To safeguard the rights of the patients, the research team will provide them and their families with information sheets detailing the study's objectives and procedures. Eligible participants who express interest in participation must sign a consent form that outlines the steps involved in the pre- and post-intervention process, as well as the potential benefits and risks of intervention studies. Participants will receive confirmation of confidentiality and protection of collected information. The results of the study will not be disseminated to the study participants unless one of the participants wants to know his own results.

Publication and dissemination plan

The results of this study will be disseminated in peer-reviewed international medical journals. Further exploration employing biological specimens for supplementary research has yet to be determined.

Protocol amendments

If there is a protocol revision that requires ethical approval, the protocol will not be modified until the revised and revised informed consent form and revised case report form are reviewed and approved/favorable comments are obtained from the ethics committee. Any significant modification will be communicated to the principal investigators involved.

Confidentiality and access to data

The staff and investigators will take all necessary measures to safeguard the privacy and informed consent of study participants, adhering to the Data Protection Act of 2018 (26). The case report forms will solely collect the minimum required information for the purposes of the trial, which will be securely stored in locked rooms or cabinets. Access to the data will be limited only to authorized trial staff, investigators, and pertinent regulatory authorities. Computer-based data, including the trial database, will be encrypted and password-protected, with secure storage on a dedicated web server. Access will be restricted by user identifiers and passwords. All details concerning the trial within the medical records or hospital notes of the participants will be treated with the same level of confidentiality as other sensitive medical information. Electronic data will be backed up every 24 h to both local and remote media in encrypted format, thus ensuring their safety and security. The minimum retention time for clinical trial records is 5 years.

Discussion

Inhalation of NO can selectively decrease pulmonary artery pressure, and it is the preferred treatment method for severe postoperative PH in many centers. However, there is no inhaled NO system approved for medical use in China. Aerosolized vasodilators are commonly used in treatment for perioperative PH (27, 28), they can significantly reduce pulmonary vascular resistance and have minimal impact on systemic hemodynamics. But studies have shown that inhaling nebulized vasodilators for pulmonary hypertension does not have a significant benefit in reducing mortality (29).
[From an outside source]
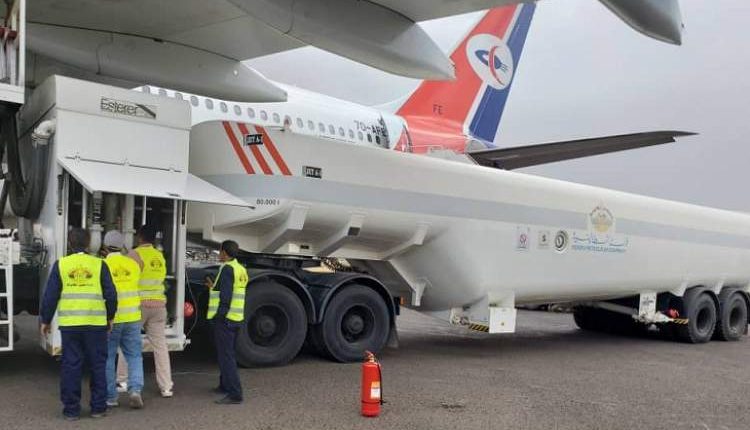 وقال في تغريدة له بتويتر: لاول مرة منذ بداية العدوان يتم تزويد طيران اليمنية بوقود الطيران من مطار صنعاء الدولي.

Pituitrin can not only constrict systemic circulation vessels and increase systemic circulation pressure (8, 9, 30), it can also have small impact on pulmonary artery pressure and pulmonary vascular resistance (11–13). Therefore, pituitrin may play an important role in cardiac surgery for patients with pulmonary hypertension. Despite this, the impact of pituitrin on patient prognosis after perioperative application has not been reported in relevant studies, underscoring the need for randomized controlled trials to provide essential evidence. The results of this RCT will fill the gap of the effect of pituitrin on the prognosis in patients undergoing cardiac surgery, and provide new ideas for optimizing the management of the patients with pulmonary hypertension and improving the prognosis of the vasoplegic syndrome, which has significant clinical value.
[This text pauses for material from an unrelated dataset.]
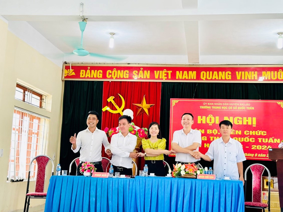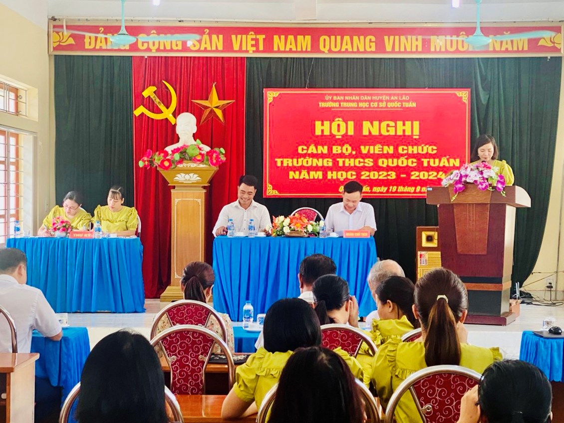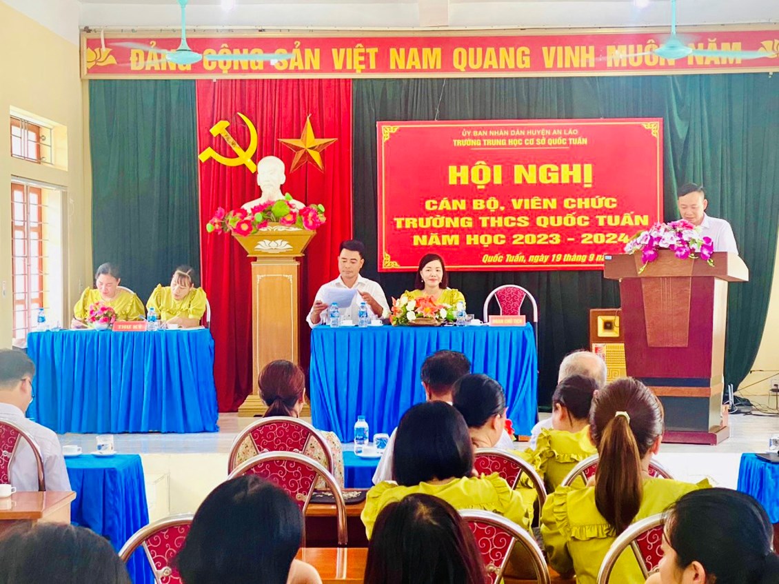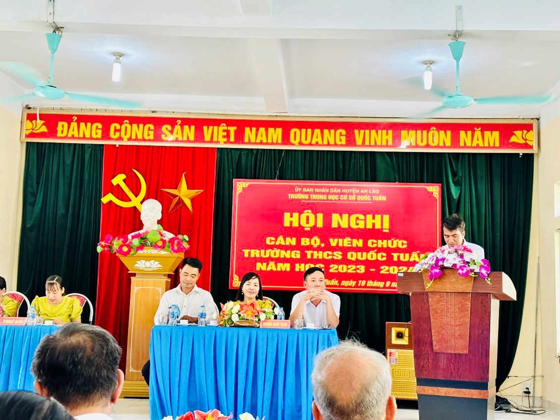 Hòa trong không khí tưng bừng, phấn khởi của những ngày đầu năm học mới 2023- 2024, chiều ngày 19/09/2023, trường THCS Quốc Tuấn long trọng tổ chức Hội nghị cán bộ , viên chức. Về dự hội nghị có các đồng chí đại diện cho chính quyền địa phương , hội khuyến học xã Quốc Tuấn, Ban đại diện cha mẹ học sinh trường... Dựa trên những kết quả , thành tích xuất sắc đã đạt được, Hội nghị đã kêu gọi toàn thể CB,VC, NLĐ cơ quan tăng cường đoàn kết, phát huy sức mạnh tập thể, tích cực hưởng ửng phong trào thi đua do Thủ trưởng cơ quan và BCH công đoàn phát động, phấn đấu hoàn thành xuất sắc các nhiệm vụ, chỉ tiêu mà Hội nghị đã đề ra.

Our study has several strengths. First, to our knowledge, this is the first, large sample size, randomized controlled trial to investigate the effect of pituitrin on the postoperative outcomes of the patients undergoing cardiac surgery. Second, the study is well designed, and the methodology of this study is of high quality. Third, study procedure and rescue treatment are thoughtful to ensure the safety of the participants.
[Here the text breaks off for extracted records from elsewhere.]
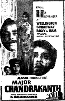 Major Chandrakanth is a 1966 Indian Tamil-language drama film produced by A. V. Meiyappan and directed by K. Balachander. Based on his play of the same name, the film stars Major Sundarrajan, Nagesh, R. Muthuraman, A. V. M. Rajan and Jayalalithaa. It revolves around a retired and blind major who gives asylum to a fugitive wanted for committing murder, unaware that the victim was his younger son.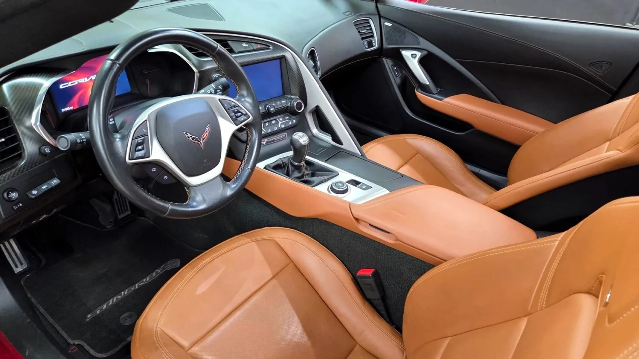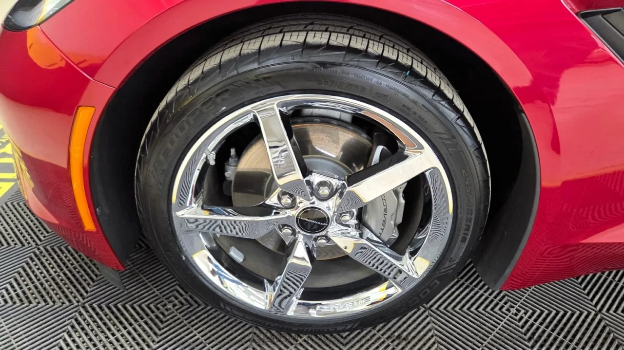 An LT1 6.2-liter V-8 with 455 horsepower and 460 lb-ft of torque lights up the rear tires. A TREMEC TR-6070 seven-speed manual with Active Rev Matching sends that firepower to the rear wheels. Four-wheel ventilated disc brakes with ABS keep this Corvette’s tires firmly on the road or track.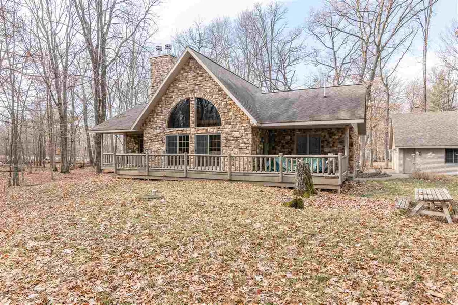 Petenwell Lake Deeded Access with Path To Pier Spot Directly Across the Street! Closer to the piers than most on-water houses! This quintessential up-north getaway is the perfect escape. The quality, custom built, 3,050 sq ft, 4+ bedroom, 3 bath home won't disappoint. It features an open concept Great Room with a floor to ceiling stone fireplace, wood floors, beamed cathedral ceilings, and double sliding doors overlooking the private backyard. Enjoy entertaining in the eat-in kitchen open dining area. There is plenty of room to roam with the large loft and finished lower level that features a family room and versatile game room/rec room. Outside features a private yard, oversized 2.5 car garage, multiple deck areas & more. Walk to the lake or ATV/snowmobile right from your front door. WOW!

However, there are also several limitations in this study. First, this is a single-center study, and the external applicability of our findings may be limited. Second, this is a single-blind study to ensure the safety of the participants; therefore, it might raise the performance bias.

Conclusion

Given that pituitrin is widely available and cost-effective, it may represent a viable means of reducing the risks of postoperative complications in patients undergoing cardiac surgery with pulmonary hypertension.

Author contributions

LK: Data curation, Investigation, Software, Writing – original draft, Writing – review & editing. ML: Formal analysis, Funding acquisition, Supervision, Writing – review & editing. CQ: Writing – review & editing. XS: Writing – review & editing. WD: Writing – review & editing. QL: Formal analysis, Project administration, Supervision, Writing – review & editing.

Funding

The authors declare financial support was received for the research, authorship, and/or publication of this article.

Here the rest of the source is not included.